Have to talk to a friend of mine, he makes alot of wine...usually ends up about 18 % abv so it's not your ordinary wine but sure is good! I'll look to see if I still have pics of our supply. We usually help bottle and have had apple,  blueberry,  strawberry,  rhubarb, red grape, white grape, gooseberry,  mulberry,  cooked cranberry,  crushed cranberry,  cherry and mead...but not a mead fan...too dry for us.

Ryan


----------



## Brokenhandle (Mar 24, 2022)

Speaking of that, I just remembered he made us some grape wine that we haven't picked up yet! But did find thus pic







Only problem I have us wine rack is half empty!   

Ryan


----------



## Ty520 (Mar 24, 2022)

Brokenhandle said:


> Have to talk to a friend of mine, he makes alot of wine...usually ends up about 18 % abv so it's not your ordinary wine but sure is good! I'll look to see if I still have pics of our supply. We usually help bottle and have had apple,  blueberry,  strawberry,  rhubarb, red grape, white grape, gooseberry,  mulberry,  cooked cranberry,  crushed cranberry,  cherry and mead...but not a mead fan...too dry for us.
> 
> Ryan



 You can make mead as sweet as you want - as sweet as a dessert wine if you wanted


----------



## BrianGSDTexoma (Mar 25, 2022)

Ty520 said:


> a good option for back-sweetening country wine is to save enough must to bring it up to about 1010. It also gives it some fresh berry flavor
> 
> I haven't been particularly happy with any country wines when completely dry.

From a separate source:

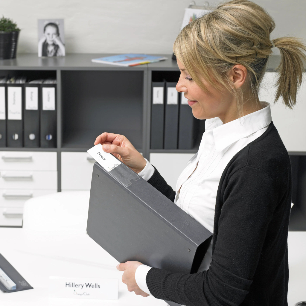 Organizujte svoju kancelariju i pratite sve svoje dokumente. Dizajnirani da vam omoguc´e kontrolu nad stalno promenljivim sadržajem vaših fascikli, registratora, kataloga i fioka, naši držači za etikete dolaze sa zamenljivim ulošcima za papir na kojima možete pisati ili štampati, i sa malim otvorima za prste kako bi se olakšalo uklanjanje i zamena uložaka za papir. 3L držači za etikete dostupni su u različitim veličinama

That a great idea.  I getting ready to make strawberry.  Will do that.


----------



## zwiller (Mar 25, 2022)

Backsweetening works provided you kill the yeast first.  Maybe that's gimme but wanted to be sure you knew.  If you just add must or sugar it will just ferment out and have a potential for bottle bombs.  Potassium sorbate is popular but there are other ways to do it.  You can simply warm the wine up...  You coulda killed the yeast back when you liked it at 1.010 but most guys don't watch the ferment that often.   FYI Frozen concentrate is a popular backsweetener for the cider guys and imagine it would well here but agree saved must is the better way.


----------



## Ty520 (Mar 25, 2022)

zwiller said:


> Backsweetening works provided you kill the yeast first.  Maybe that's gimme but wanted to be sure you knew.  If you just add must or sugar it will just ferment out and have a potential for bottle bombs.  Potassium sorbate is popular but there are other ways to do it.  You can simply warm the wine up...  You coulda killed the yeast back when you liked it at 1.010 but most guys don't watch the ferment that often.   FYI Frozen concentrate is a popular backsweetener for the cider guys and imagine it would well here but agree saved must is the better way.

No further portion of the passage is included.